To the companies selling electronic commerce, technology is not a problem. Marketing budgets also seem to be ample.
But they still face an uneducated, even mystified, public. Many consumers either don't know about the wonders and conveniences of shopping on the Net, or are afraid to test them out.
So Internet commerce companies want to take consumers to school: Internet Shopping 101.
Though still in its infancy, the industry is growing fast. International Data Corp. of Framingham, Mass., has estimated annual revenue from on-line transactions will climb to $220 billion in 2001 from $11 billion today, but the majority would come from business-to-business sales.
To drum up interest in consumer-oriented commerce, corporations with an interest in the infrastructure, like International Business Machines Corp. and AT&T Corp., are blanketing the conventional media with ads about on- line business capabilities. They have a distinctly educational tone.
A growing number of companies are advertising what people can buy on their Web sites.
Most educational advertising about electronic commerce is found in traditional media and is directed at non-Internet users, said Marc Johnson, on-line advertising analyst at Jupiter Communications of New York.

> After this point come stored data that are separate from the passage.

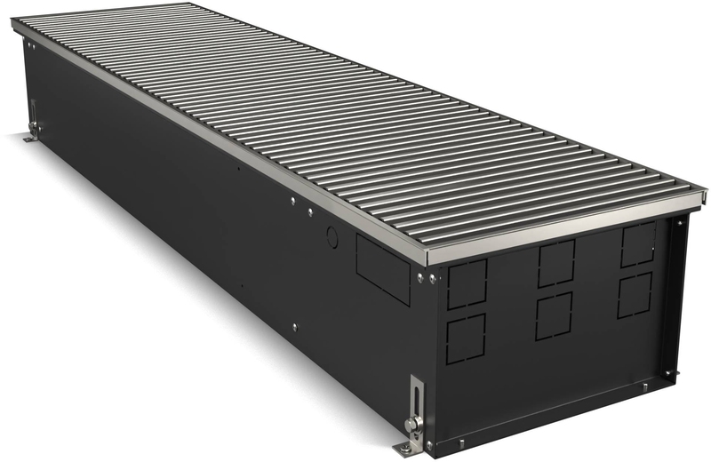 Корпус окрашен шагреневой краской AkzoNobel фирменного черного цвета Noir Sable. В такой же цвет окрашен теплообменник. Темная окраска корпуса изнутри и декоративные крышки, защищающие зону подключения и зону калача от попадания пыли и мусора, визуально скрывают внутреннюю часть, благодаря чему конвектор эстетично смотрится в интерьере.
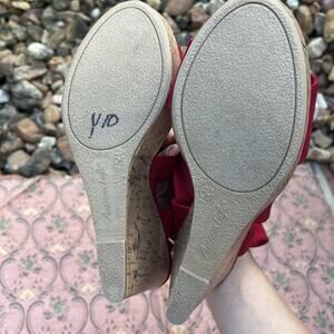 American Eagle Heels Womens Sz 6.5 Cork Wedge Platform Sandals Red Suede Elastic
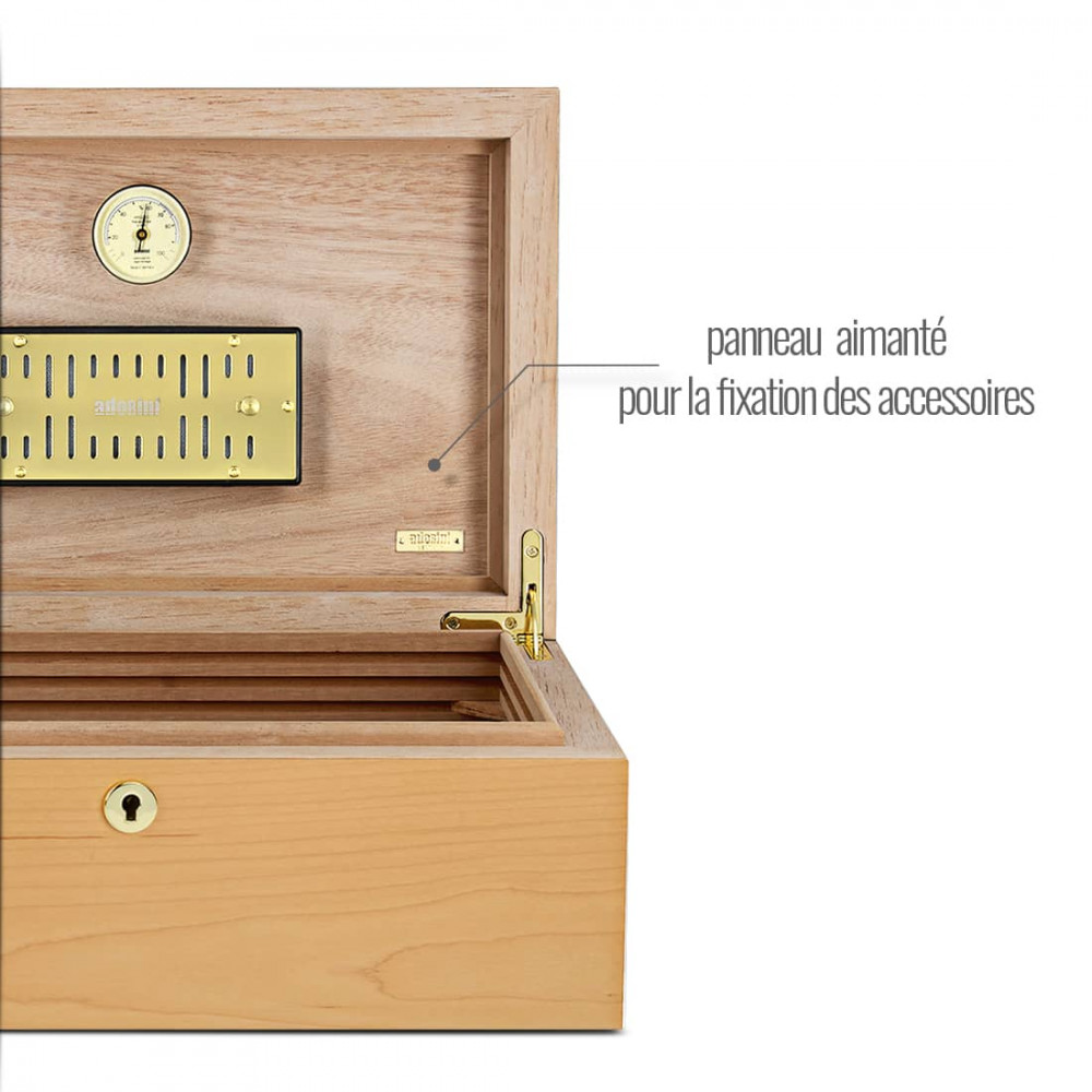 Cette cave à cigares en érable d’Europe signée Adorini associe élégance, sécurité et fonctionnalité pour préserver vos cigares. Équipée d’un humidificateur, d’un hygromètre intégré et de compartiments modulables, elle allie design raffiné et grande capacité de stockage.
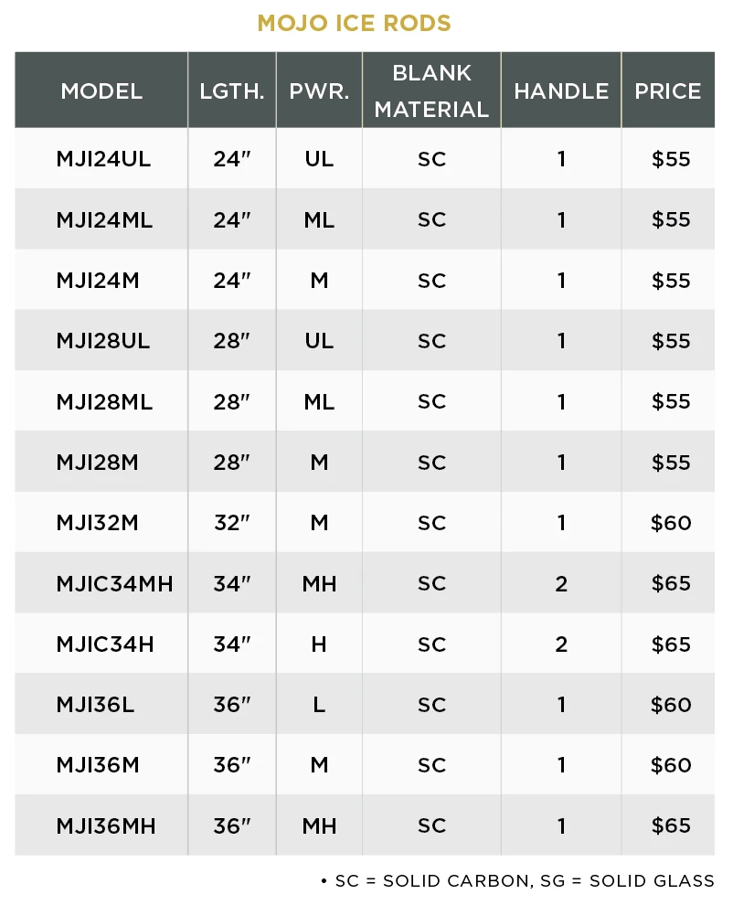 Mojo Ice gets a face-lift for 2020. Sporting a new carbon dust blank and flat finish reel seat, this series retains the proprietary custom reel seat and split-grip handle you’ve come to love. Suited for a variety of ice fishing styles and techniques for panfish, trout, walleye, pike and lake trout, these cosmetic upgrades will surely enhance your fishing experience.
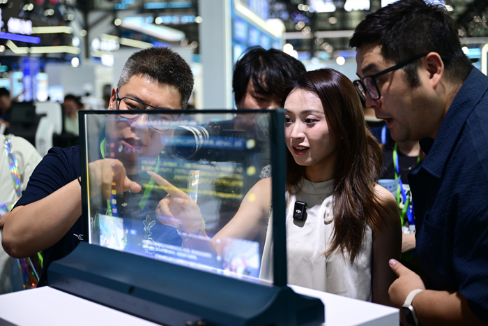 2025年4月26日,观众在第三届中国(安徽)科技创新成果转化交易会上体验一款多语种AI透明屏。新华社记者周牧 摄
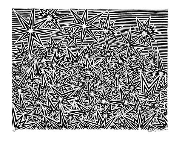 Prints are produced on demand on either acrylic plexi or giclee fine art paper in a variety of sizes here in the United States. High quality print reproductions for your home or office designed by artists living with homelessness or disabilities.

Advertising directly on the Web, by contrast, assumes its viewers already know about the Internet's business potential.
IBM is spending hundreds of millions of dollars on a global television and print ad campaign on the theme of "e-business" to spread the word not just about the company, but about the phenomenon.

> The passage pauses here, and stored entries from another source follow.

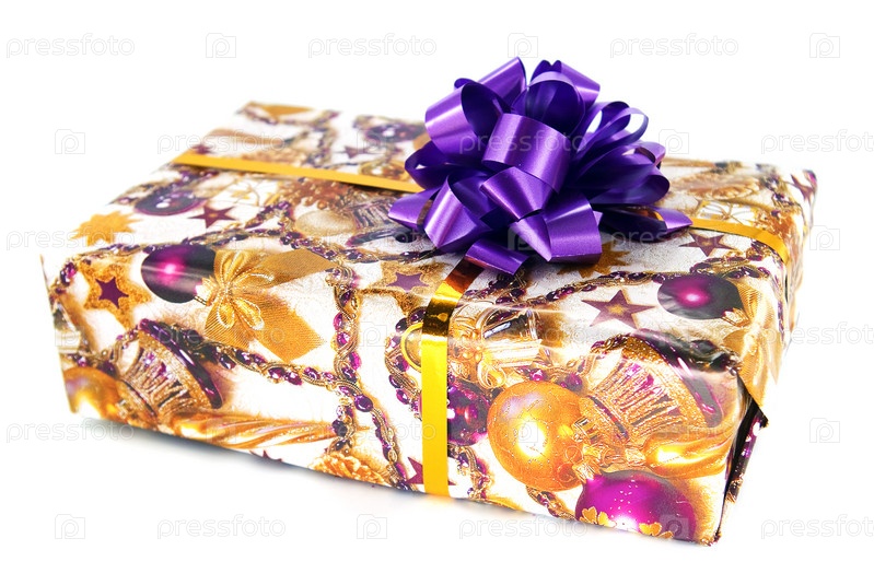 Подарочная коробочка с бантом на белом фоне
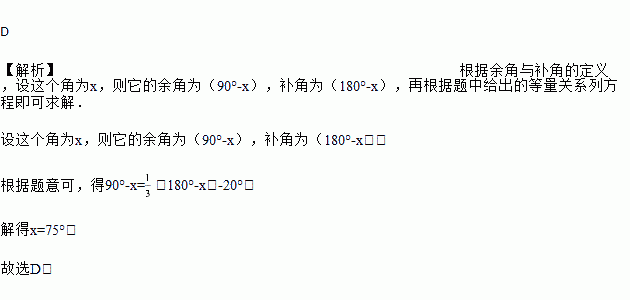 如果一个角的余角比它的补角的还少20°,那么这个角的度数是( )
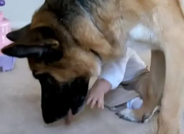 It only takes him a few seconds to realize that the toddler was the culprit. He gently licks at her hand and tries to gingerly take it away from her.
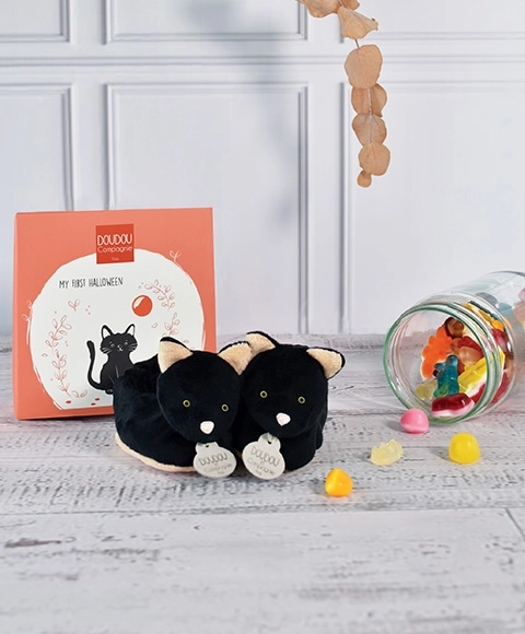 Hľadáte originálny a praktický darček pre novorodenca? Plyšové topánočky DOUDOU s motívom čiernej mačky sú jemné k citlivej detskej pokožke a spoľahlivo zahrejú. Vďaka hravému dizajnu dodajú detskému outfitu šmrnc – či už na halloweensku párty, alebo pri každodenných prechádzkach.
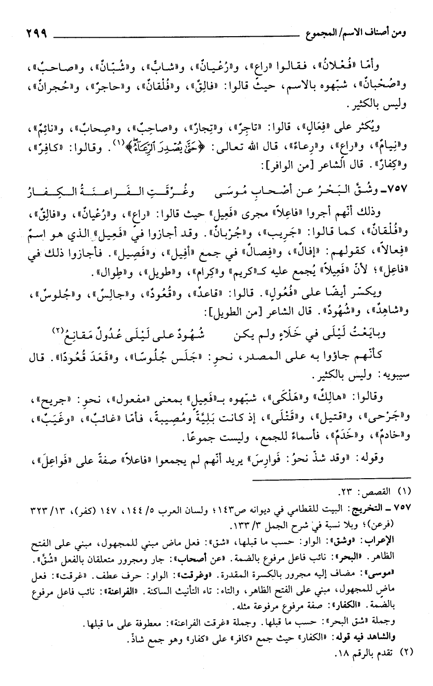 وأمّا "فُعْلانُ"، فقالوا "راع"، و"رُعْيانٌ"، و"شابٌ"، و"شُبان"، و"صاحبٌ"، و"صُحْبانٌ"، شبهوه بالاسم، حيث قالوا: "فالِقٌ"، و"فُلْقان"، و"حاجرٌ"، و"حُجرانٌ"، وليس بالكثير.
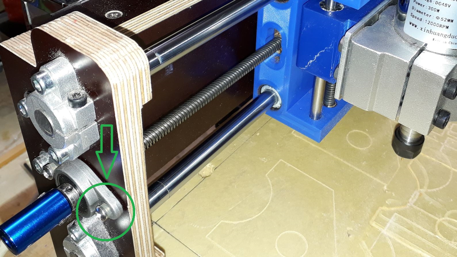 Sur la grande CNC équipée de rails MGN que j'utilise j'ai supprimé le roulement gauche (qui n'était inséré qu'à mi épaisseur du flanc en bakélite noire) et la vis prend appui dans la seconde demi-épaisseur (extérieure) en bakélite qui comportait un trou légèrement supérieur à son diamètre. Donc il y a un léger jeu.
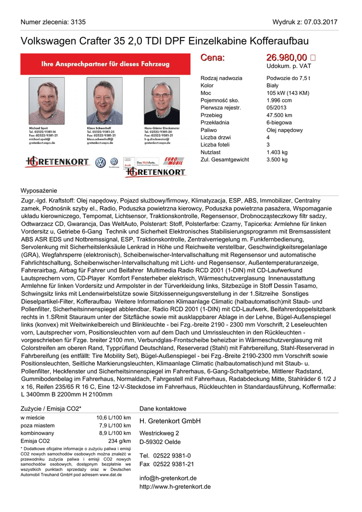 Numer zlecenia: 3135 Wydruk z: 07.03.2017 Volkswagen Crafter 35 2,0 TDI DPF Einzelkabine Kofferaufbau Cena: 26.980,00 Rodzaj nadwozia Kolor Moc Pojemność sko. Pierwsza rejestr. Przebieg Przekładnia Paliwo Liczba drzwi Liczba foteli Nutzlast Zul. Gesamtgewicht Podwozie do 7,5 t Biały 105 kW (143 KM) 1.996 ccm 05/2013 47.500 km 6-biegowa Olej napędowy 4 3 1.403 kg 3.500 kg Udokum. p. VAT Wyposażenie Zugr.-lgd. Kraftstoff: Olej napędowy, Pojazd służbowy/firmowy, Klimatyzacja, ESP, ABS, Immobilizer, Centralny zamek, Podnośnik szyby el., Radio, Poduszka powietrzna kierowcy, Poduszka powietrzna pasażera, Wspomaganie układu kierowniczego, Tempomat, Lichtsensor, Traktionskontrolle, Regensensor, Drobnocząsteczkowy filtr sadzy, Odtwarzacz CD, Gwarancja, Das WeltAuto, Polsterart: Stoff, Polsterfarbe: Czarny, Tapicerka: Armlehne für linken Vordersitz u, Getriebe 6-Gang Technik und Sicherheit Elektronisches Stabilisierungsprogramm mit Bremsassistent ABS ASR EDS und Notbremssignal, ESP, Traktionskontrolle, Zentralverriegelung m. Funkfernbedienung, Servolenkung mit Sicherheitslenksäule Lenkrad in Höhe und Reichweite verstellbar, Geschwindigkeitsregelanlage (GRA), Wegfahrsperre (elektronisch), Scheibenwischer-Intervallschaltung mit Regensensor und automatische Fahrlichtschaltung, Scheibenwischer-Intervallschaltung mit Licht- und Regensensor, Außentemperaturanzeige, Fahrerairbag, Airbag für Fahrer und Beifahrer Multimedia Radio RCD 2001 (1-DIN) mit CD-Laufwerkund Lautsprechern vorn, CD-Player Komfort Fensterheber elektrisch, Wärmeschutzverglasung Innenausstattung Armlehne für linken Vordersitz und Armpolster in der Türverkleidung links, Sitzbezüge in Stoff Dessin Tasamo, Schwingsitz links mit Lendenwirbelstütze sowie Sitzkissenneigungsverstellung in der 1.Sitzreihe Sonstiges Dieselpartikel-Filter, Kofferaufbau Weitere Informationen Klimaanlage Climatic (halbautomatisch)mit Staub- und Pollenfilter, Sicherheitsinnenspiegel abblendbar, Radio RCD 2001 (1-DIN) mit CD-Laufwerk, Beifahrerdoppelsitzbank rechts in 1.SRmit Stauraum unter der Sitzfläche sowie mit ausklappbarer Ablage in der Lehne, Bügel-Außenspiegel links (konvex) mit Weitwinkelbereich und Blinkleuchte - bei Fzg.-breite 2190 - 2300 mm Vorschrift, 2 Leseleuchten vorn, Lautsprecher vorn, Positionsleuchten vorn auf dem Dach und Umrissleuchten in den Rückleuchten vorgeschrieben für Fzge. breiter 2100 mm, Verbundglas-Frontscheibe beheizbar in Wärmeschutzverglasung mit Colorstreifen am oberen Rand, Typprüfland Deutschland, Reserverad (Stahl) mit Fahrbereifung, Stahl-Reserverad in Fahrbereifung (es entfällt: Tire Mobility Set), Bügel-Außenspiegel - bei Fzg.-Breite 2190-2300 mm Vorschrift sowie Positionsleuchten, Seitliche Markierungsleuchten, Klimaanlage Climatic (halbautomatisch)und mit Staub- u. Pollenfilter, Heckfenster und Sicherheitsinnenspiegel im Fahrerhaus, 6-Gang-Schaltgetriebe, Mittlerer Radstand, Gummibodenbelag im Fahrerhaus, Normaldach, Fahrgestell mit Fahrerhaus, Radabdeckung Mitte, Stahlräder 6 1/2 J x 16, Reifen 235/65 R 16 C, Eine 12-V-Steckdose im Fahrerhaus, Rückleuchten in Standardausführung, Koffermaße: L 3400mm B 2200mm H 2100mm Zużycie / Emisja CO2* w mieście poza miastem kombinowany Emisja CO2 Dane kontaktowe 10,6 L/100 km 7,9 L/100 km 8,9 L/100 km 234 g/km * Dodatkowe oficjalne informacje o zużyciu paliwa i emisji CO2 nowych samochodów osobowych można znaleźć w przewodniku zużycia paliwa i emisji CO2 nowych samochodów osobowych, dostępnym bezpłatnie we wszystkich punktach sprzedaży oraz w Deutschen Automobil Treuhand GmbH pod adresem www.dat.de H. Gretenkort GmbH Westrickweg 2 D-59302 Oelde Tel. 02522 9381-0 Fax 02522 9381-21 [email protected] http://www.h-gretenkort.de Numer zlecenia: 3135 Wydruk z: 07.03.2017 Volkswagen Crafter 35 2,0 TDI DPF Einzelkabine Kofferaufbau

"We believe it is absolutely critical to educate the marketplace," said Irving Wladawsky-Berger, general manager of IBM's Internet division. "A huge part of the campaign is to encourage everyone to get going."
IBM's comical television ads portray people asking what e-business is, and business owners saying they should get on the Internet though they aren't sure why. An eight-page pullout section in The Wall Street Journal told why companies can't ignore the Internet.

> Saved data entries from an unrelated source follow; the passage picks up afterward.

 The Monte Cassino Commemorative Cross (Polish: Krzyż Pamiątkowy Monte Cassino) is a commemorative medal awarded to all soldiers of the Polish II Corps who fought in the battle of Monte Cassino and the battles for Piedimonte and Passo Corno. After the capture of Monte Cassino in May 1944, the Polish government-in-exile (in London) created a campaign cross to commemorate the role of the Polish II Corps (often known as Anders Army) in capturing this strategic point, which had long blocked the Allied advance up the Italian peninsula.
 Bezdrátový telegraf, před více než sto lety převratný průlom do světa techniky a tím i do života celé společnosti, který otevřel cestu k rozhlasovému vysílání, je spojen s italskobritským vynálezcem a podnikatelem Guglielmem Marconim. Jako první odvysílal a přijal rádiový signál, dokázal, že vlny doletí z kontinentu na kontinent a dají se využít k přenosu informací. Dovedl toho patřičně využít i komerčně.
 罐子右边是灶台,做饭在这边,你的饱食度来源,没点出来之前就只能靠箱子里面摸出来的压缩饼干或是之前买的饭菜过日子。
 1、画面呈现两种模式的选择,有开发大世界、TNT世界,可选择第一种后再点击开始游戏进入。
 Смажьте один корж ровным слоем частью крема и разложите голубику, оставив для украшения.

Though the ads are aimed at getting businesses to go on-line, Mr. Wladawsky-Berger said, they also have a public service undertone in trying to raise awareness.
"We want consumers to notice it and say, 'What does it mean that people are selling (products) on the Web?'" he continued.
Companies such as IBM and AT&T, along with major merchants and service providers, such as banks, are counting on their brand names to encourage on-line commerce.
AT&T, which also offers corporate Internet services, believes its ads will alleviate some of the public's concerns about on-line shopping, said vice president Jim Speros.
"Part of the role of the ads is to let people know we are making shopping on the Web a reality and that it's safe and secure," Mr. Speros said. "AT&T's brand name is associated with trust. By AT&T endorsing electronic commerce, it almost becomes permission to act."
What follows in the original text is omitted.